El-netice, dayanmalarımız, sırtımızı bir başkasına yaslamalarımız ya şükrü ifaya, ya sabrı edaya vesile olur. Ama insan her halükârda dimdik duruşunun ardında saklı “dayanma”larla ferdî varlığını cemiyet şartlarına terfi ettirebilir.

Malûmdur, insanın varlığı ümmetin (toplumun) yapıtaşıdır. Birler bin olur tek tek, vahdaniyetin tekliğini hedef bilen “tek yürek” olarak millet inşâ olur. Toplum oluşur, insan bir/den çıkıp insanlığın parçası olur.

İşte bu gerçekliğin neticesidir toplumsal dayanışma!

Toplumlarda büyük meseleler dayanışma ile çözülür. Müşkül durumlar dayanışma ile aşılır. Azlık, çokluğun paylaşımı ile orantı bulur, toplumsal denge sağlanır.

“Dayanma” ifadesi üzerinden “dayanışma”ya varışımın gerekçesi, görünmez yaslanışlarımızın yani ki ruhumuzun, kalbimizin, aklımızın ve bedenimizin saklı dayanışları, insanın fıtraten “dayanak” ve “dayanma” ihtiyacına bir çözüm, bir inkişaf, bir emanet bilinci, bir birlik ve beraberlik prensibi olarak Âlemlerin Rabbi Allah’ın iman edenlere toplumsal bir reçete olarak sunduğu, farz kıldığı zekâtla izhar olup izah buluşundandır.

Evet, zekât her “zengin” mü’min üzerine farzdır. Kendisine ikram edilen zenginliğin kırkta birini infak ile mü’minler, İlâhî vahyin emrine dayanırlar. Ruhları infaktan hâsıl olan saadete ulaşır.

Toplumda açık bir yara gibi kanayan yoksulluğa merhem olsun diye farz kılınmış zekât, insanı insan kılan, toplumun inkişafına vesile olan “dayanışma” ile gelir dağılımını sağlamanın, halkların iktisadî formüle duyduğu ihtiyacı karşılamanın, müreffeh ve adil bir yaşantının çözüm anahtarıdır.

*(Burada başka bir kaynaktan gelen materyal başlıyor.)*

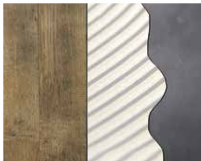
LVT (Designbelag), 628 Eurostar Rapid
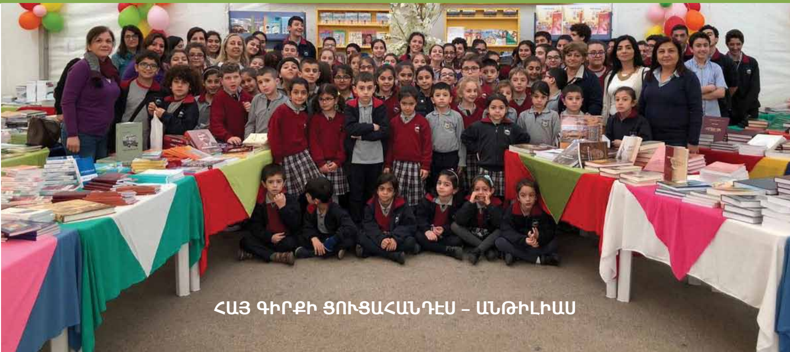
ՀԱՅ ԳԻՐՔԻ ՑՈՒՑԱՀԱՆԴԵՍ - ԱՆԹԻԼԻԱՍ
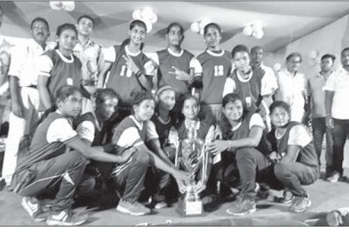
ଅତିଥିମାନଙ୍କ ରହଣରେ ଚାମ୍ପିୟନ୍ ପ୍ରତି ସହ ଉଭୟ ବାଲିକା ଓ ବାଲକ ବର୍ଗର ଖେଳାଳିମାନେ।
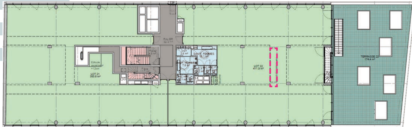
R+2 910 m 2
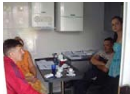
Ljubazni djelatnici Vaillanta spremno su odgovarali na sva postavljena pitanja

Što reći na kraju osim da ćemo se potruditi da i iduće godine naš Infomobil bude uspješan u promoviranju uređaja za koje smo dobili visoke ocjene kako krajnjih korisnika tako i uvaženih partnera iz struke.
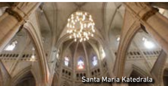
Santa Maria Katedrala

eta bisitaria antzinako garaietara eramaten duten txokoak ezkutatzeko. Santa Maria katedralaren edo Katedral Zaharraren (XIII. mendea) eta Erdi Aroko harresiaren (XI. mendea) kasua da hori; biak ala biak nahitaez ikusi behar direnak. Hala ere, ezin ditzakegu ahaztu bere elizak eta Goiuri, Montehermoso eta Eskoriatza-Eskibel jauregi errenazentistak.
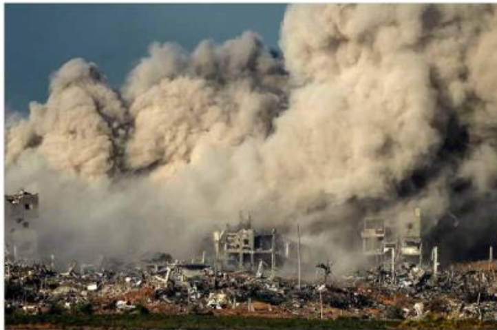
▲ Las fuerzas armadas de Israel continuaron ayer los bombardeos en el norte de la franja de Gaza. Mientras Todor Adhawan Ghebreyesus, director general de la Organización Mundial de la Salud, consideró que
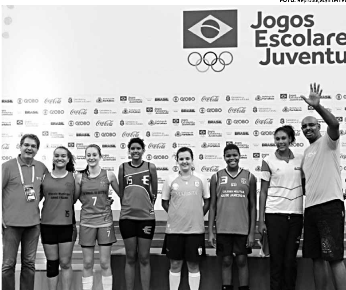
Ao final dos Jogos Escolares da Juventude, em Fortaleza, foram anunciados os melhores atletas

A Seleção Escolar de vôlei é formada por 40 jogadores, sendo 20 rapazes e 20 moças. Além deles, 18 treinadores das escolas participantes dos Jogos também foram convocados. Eles participarão de
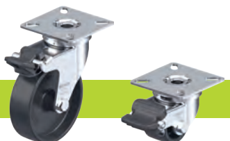
Abbildung mit Feststellhebel aus Kunststoff Abbildung Radfeststeller „Radstop“
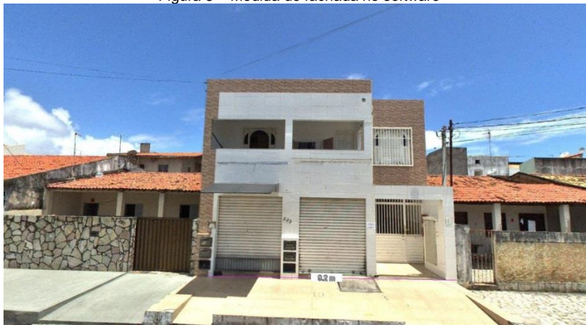
Figura 3 – Medida de fachada no software
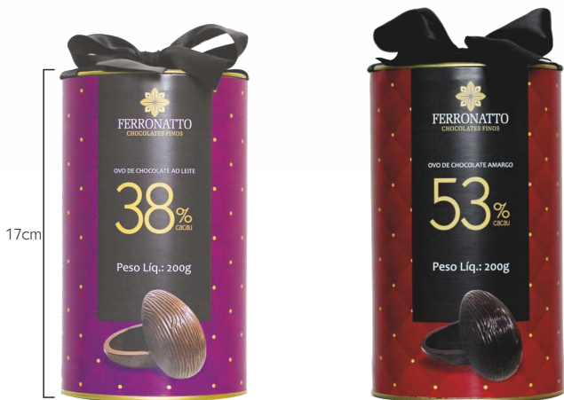
Ovo de Chocolate Ao Leite 38% Cacau - 200g Ref.: 228 - cx 6uni

İçinde bulunduğumuz kutlu günler tam da bu dayanışma ruhunun hayata geçirilmesi gereken zamanlardır.

Şimdi, yetim bir çocuğun üzerinde bayramlık, yoksul bir ailenin sofrasında lezzet, borçlu bir adamın omzunda ferahlık, darda olan bir annenin kalbinde huzur, memleketine gidemeyen bir yolcunun hasretine vuslat, kimsesiz bir yaşlının bekleyişine tebessüm, sağlığına varını yoğunu harcamış bir hastaya şifa olmak vaktidir!

Unutmayalım ki, keder sadece başına gelenin imtihanı değil, o kederle hemhâl olana temas eden herkesin imtihanıdır! Yardımlaşmak, dayanışmak, dayanmak öyle herkese nasip olacak bir fırsat değildir.

Öyleyse kederi bölüşmenin, yardımlaşmanın, dayanışmanın da bir nasip meselesi olduğu hakikatini sıklıkla nefislerimize hatırlatalım. Ki şu ölümsüz sandığımız varlığımız, ölümümüzden sonra böylesi paylaşımlarla sonsuzlukta izah bulsun…

Sevinçleri paylaştığımız ve görünmez dayanaklara yaslandığımız kadar dayanışmak nasibimiz olsun!